В кабинете, кроме самого начальника, присутствовали ещё трое — тот самый мужчина в элегантном для сих времён костюме, задержавший меня и оказавшийся отцом комсомольца Белугина, а также двое сотрудников помоложе, сидевшие один у двери, другой у окна — видимо, чтобы я не удрал невзначай.
— Да, я решил не рисковать и не брать с собой свой настоящий российский паспорт, ещё потеряешь его тут, — отвечал я довольно равнодушно, вспоминая грустные глаза Андрея Борисовича, коими он провожал меня при моём задержании. Его теперь тоже затаскают по допросам. Но я знал, что находясь в другой временной эпохе, случайно ничего потерять не могу.
— Посмотрите, Виталий Степанович, что у него тут, — глухим голосом сказал Белугин своему начальнику, передавая ему мой ещё совковый паспорт, изъятый у меня, как и все остальные вещи.
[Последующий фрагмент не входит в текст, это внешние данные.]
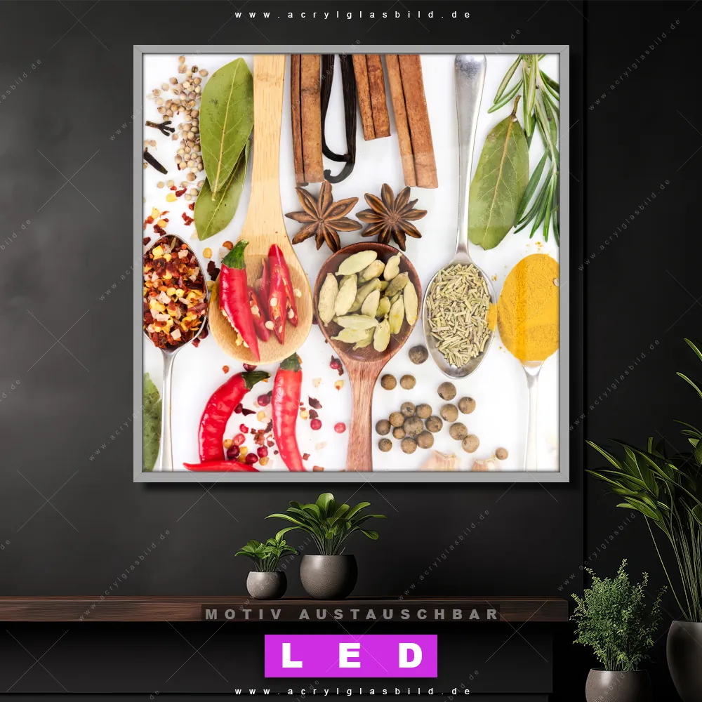 Begriffe wie Gewürze, Kräuter, Löffel, kochen, Pfeffer, Salz, Curry, Chili haben dich auf der Suche nach deinem neuen LED Wandbild aus Acrylglas inspiriert? Dann sollte das LED Acrylglasbild bunte Gewürz- und Kräutermischung den Weg zu dir finden.

Там, на двадцатой странице, карандашом я в своё время написал: «Будь проклят Советский Союз и социалистический строй!».  И добавил: «СССР — говна телега!».
— Да-а...— сдерживая закипающую ярость, протянул Виталий Степанович, прочтя это.
— Скажи-ка мне, дорогой ты мой, — процедил отец Белугина, — а в какой стране ты родился?
— Ну вот, сейчас начнётся: в какой стране родился, какая мать тебя родила, какой отец зачал... В нашей стране я родился, в нашей! Понятно вам?
— Да конечно, куда уж понятнее, — продолжал накаляться Белугин-старший. — А как называется наша страна, ты знаешь?
— Василий Сергеевич, — повернулся к нему начальник, — пожалуйста, успокойтесь.
— Я, Виталий Степанович, как ваш заместитель, имею право вести допрос наравне с вами, — ответил тот достаточно жёстким тоном, и я поймал себя на том, что Виталий Степанович импонирует мне гораздо больше Белугина.
И, не дожидаясь повторения вопроса, желая причинить Белугину ещё большую боль и глядя ему прямо в глаза, я отчеканил:
— В годы советской оккупации она называлась Советским Союзом.
— Ну что ж...— произнёс Виталий Степанович, постукивая пальцами по столу и, очевидно, соображая, о чём дальше говорить с таким дерзким типом, как я. Но тут я попытался взять линию разговора в свои руки.
— Знали б вы, дорогие товарищи, что ваш хвалёный социализм не доживёт даже до двухтысячного года!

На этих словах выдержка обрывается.